Abstract

Erythroblastic islands were examined by ultrastructure and ultrastructural histochemistry in fetal and early neonatal livers of the mouse. The liver primordium of day 11 embryos contained not only immature hemopoietic cells in the hepatic cords but also macrophages in expanded sinusoids. At 12 and 13 days of gestation, macrophages bearing large cytoplasmic inclusions increased in number, and some of them moved from the sinusoids into the hepatic cords. A ring of erythroblasts surrounded the macrophages, and erythroblastic islands could be identified at 14 days of gestation. Fetal livers contained two kinds of macrophages: sinusoidal macrophages and central macrophages of the erythroblastic islands. These macrophages exhibited a similar binding pattern to Griffonia simplicifolia isoagglutinin-IB4 (GS-IB4) and soybean agglutinin (SBA).

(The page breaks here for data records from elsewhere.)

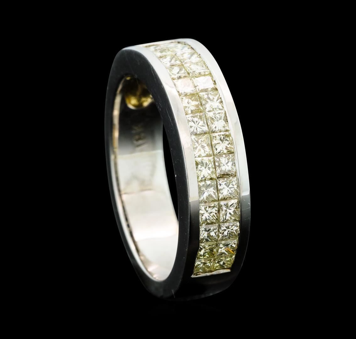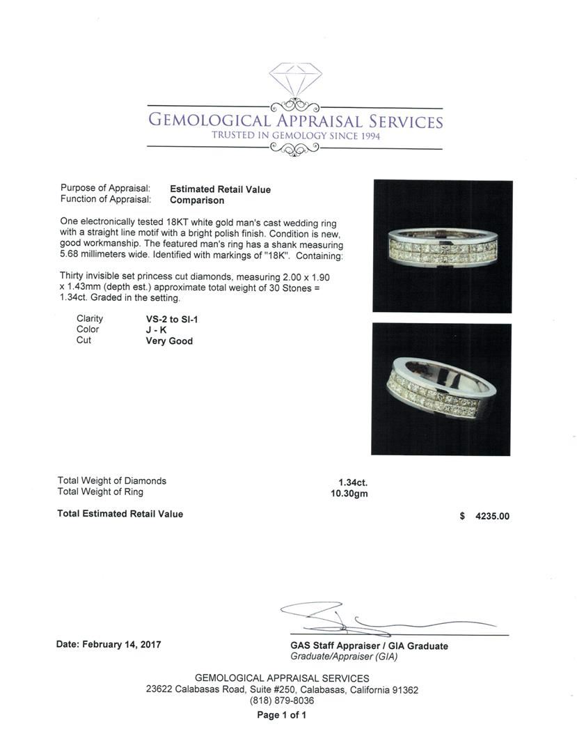 One electronically tested 18KT white gold man's cast wedding ring with a straight line motif with a bright polish finish. The featured man's ring has a shank measuring 5.68 millimeters wide. Identified with markings of '18K'. Condition is new, good workmanship. Containing: Thirty invisible set princess cut diamonds, measuring 2.00 x 1.90 x 1.43mm (depth est.) approximate total weight of 30 Stones = 1.34ct. Graded in the setting. Clarity VS-2 to SI-1. Color: J - K Cut Very Good. Total Weight of Diamonds 1.34ct.. Total Weight of Ring 10.30gm. GAS Appraised at $4,235.00.
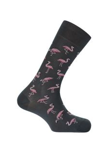Nuevo modelo de calcetín confeccionado en algodón mercerizado, que se caracteriza por ser más fuerte, suave y brillante que el algodón normal. Ademas los colores destacan más. Les presentamos un nuevo modelo con estampado informal de flamencos sobre diferentes colores de fondo: azul marino, verde y gris.
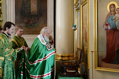 12 сентября 2017 года, в праздник обретения мощей святого благоверного князя Даниила Московского (1652) и перенесения мощей святого благоверного великого князя Александра Невского (1724), Святейший Патриарх Московский и всея Руси Кирилл совершил Божественную литургию в Троицком соборе Данилова ставропигиального мужского монастыря города Москвы.
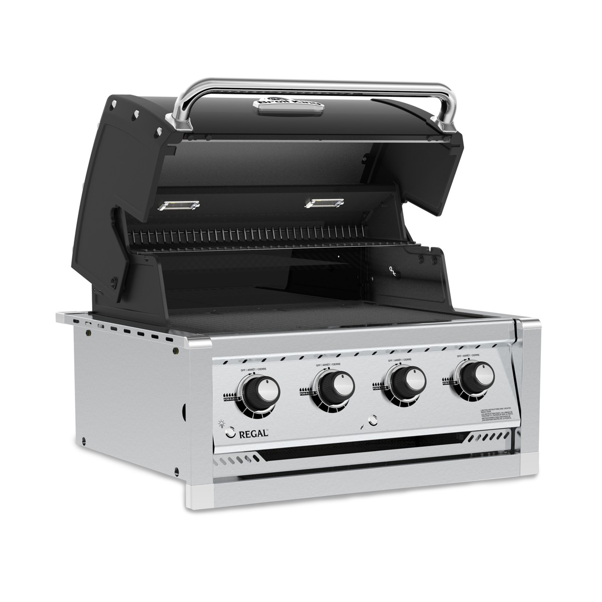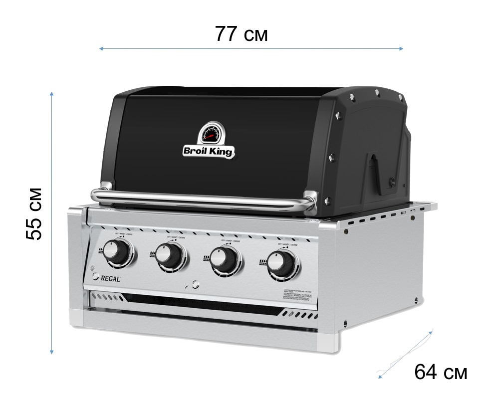 Встраиваемый газовый гриль Broil King® Regal™ 420 доступное решение для вашей загородной кухни. Гриль имеет 4 независимых горелки, мощную двустороннюю чугунную решетку и яркий выразительный дизайн. Ручки гриля снабжены подсветкой, а особая конструкция духовки позволяет использовать столешницу и отделку из горючих материалов.
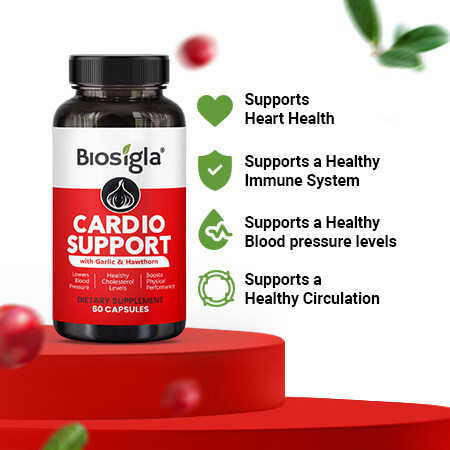 Cardio Support is a unique blend of potent plant extracts that work together to support healthy blood pressure and reduce stress in a natural way, without any side effects. Your heart health and circulation will be improved and all nutrients and oxygen will be transported properly to various parts of your body including the brain, muscles and skin. Leading an active lifestyle and taking care of your heart health, will improve your quality of life significantly. Be your best self!
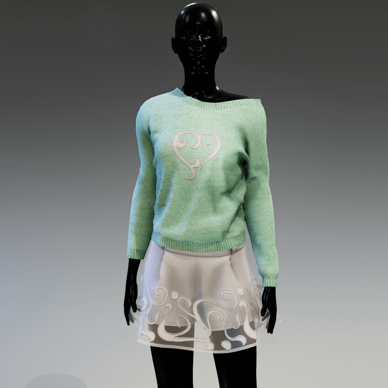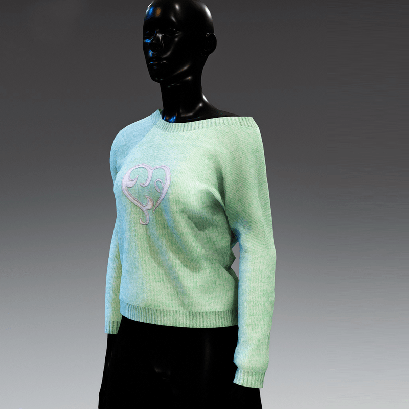 Cute, comfortable and versatile, long sleeve knit top that can be worn to reveal the shoulder. In light green colour with a white applique heart on the front. It matches the "Sweetheart skirt"
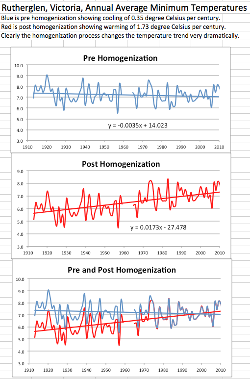 That the Minister has not yet intervened, and that many within the Australian scientific community attempt to justify the practice of homogenisation that creates these ‘adjustments’ that changes cooling trends to warming trends at a whim, is reason for national shame. It all amounts to corruption of the scientific process on a grand scale, with significant economic implications. But not even a whisper about the scandal can be heard from the Australian national broadcaster or the many other typically righteous institutions and individuals that claim to be motivated by the truth.
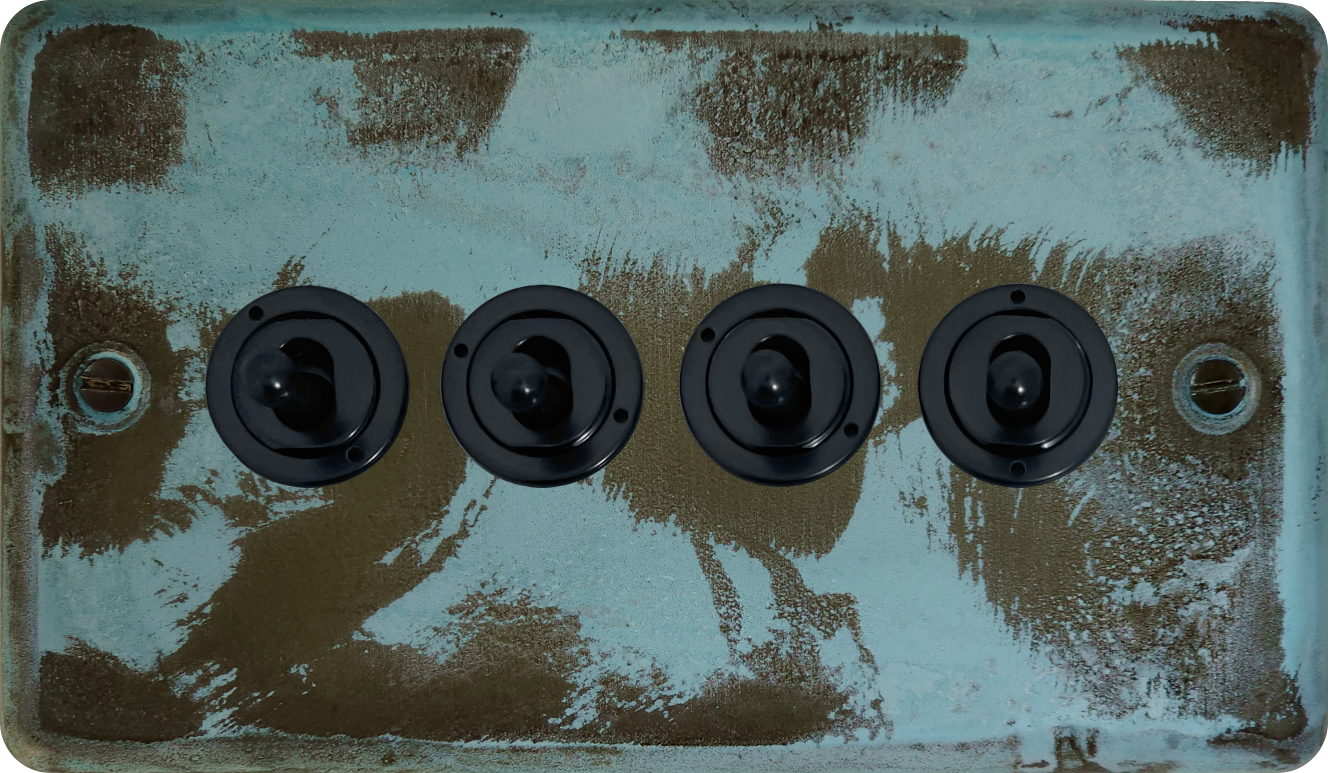 Contour Verdigris Toggle Switch (4 Gang/Flat Black Toggle) CL.384FBK.V

Fetal hepatocytes, however, did not appear to engage in active phagocytosis, and the binding patterns of GS-IB4 and SBA differed significantly between hepatocytes and the two kinds of macrophages. In the early postnatal mouse, a marked decrease in the number of erythroblastic islands occurred. Erythroblasts left the central macrophages, and the macrophages subsequently underwent degeneration. The erythroblastic islands finally disappeared at the end of liver hemopoiesis, and the degenerated central macrophages were removed by scavenger macrophages in the perisinusoidal space. Our data demonstrate that scavenger macrophages play an essential role in the development of hepatic hemopoiesis, with special reference to the formation and dissolution of erythroblastic islands.